Content safety framework applied to FM inputs and outputs.

Filter TypeWhat It Blocks
Content filtersHate, insults, sexual, violence, misconduct, prompt attacks (6 categories, adjustable severity)
Denied topicsCustom topics to avoid (e.g., “competitor pricing”)
Word filtersBlock specific words/phrases
Sensitive info (PII)Detect and redact PII (SSN, email, phone, etc.)
Contextual groundingBlock hallucinated or irrelevant responses
Guardrails Flow:
  User Input → [Input Guardrail] → FM → [Output Guardrail] → Response
                    ↓                          ↓
               Block/modify               Block/modify
               if policy                  if policy
               violated                   violated

ELI5: Guardrails are like parental controls for your AI — they filter what goes in and what comes out. You can block topics (“never discuss competitors”), automatically redact PII before it reaches the model or leaves the response, and prevent toxic content. Unlike prompt engineering (asking the model nicely to behave), Guardrails enforce rules at the infrastructure level — the model doesn’t even see the blocked content.


Bedrock Model Evaluation

Evaluation TypeHow It Works
AutomaticBuilt-in metrics (accuracy, robustness, toxicity) on benchmark datasets
HumanSubject matter experts rate model outputs
CustomYour own evaluation criteria and datasets

Quick Reference: Bedrock vs SageMaker JumpStart

FeatureBedrockSageMaker JumpStart
HostingFully managed APIYou manage endpoint
ModelsCurated FMs (Titan, Claude, Llama)400+ open-source models
CustomizationFine-tune, continued pre-trainingFull training control
RAGKnowledge Bases (managed)Build your own
AgentsManaged agentsBuild your own
Cost modelPer tokenPer instance hour
Best forGenAI applicationsCustom ML + GenAI experiments

Exam tip: If the question is about GenAI applications (chatbots, RAG, content generation) → Bedrock. If it’s about custom model training/deploymentSageMaker.
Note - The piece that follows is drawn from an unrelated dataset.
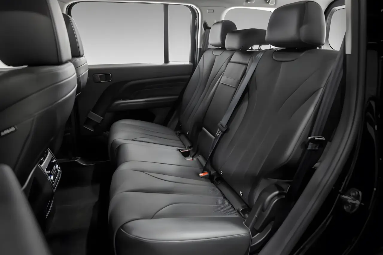 Os bancos dianteiros possuem ajustes elétricos. Eles também têm massagem com 8 modos e 3 níveis de intensidade. A ventilação e o aquecimento também estão presentes nos assentos da frente. Os passageiros da segunda fileira contam com ventilação para seus assentos. Todas as três fileiras de bancos têm portas USB e saídas de ar-condicionado. O teto-solar é panorâmico e os vidros são acústicos.

ELI5: Bedrock is a vending machine — pick a model, call the API, pay per token, done. SageMaker JumpStart is a workshop — pick a model, customize everything, manage your own deployment, pay per instance hour. Bedrock requires zero infrastructure knowledge; JumpStart gives you full control. For the exam, “build a GenAI app quickly” = Bedrock; “fine-tune and self-host” = JumpStart.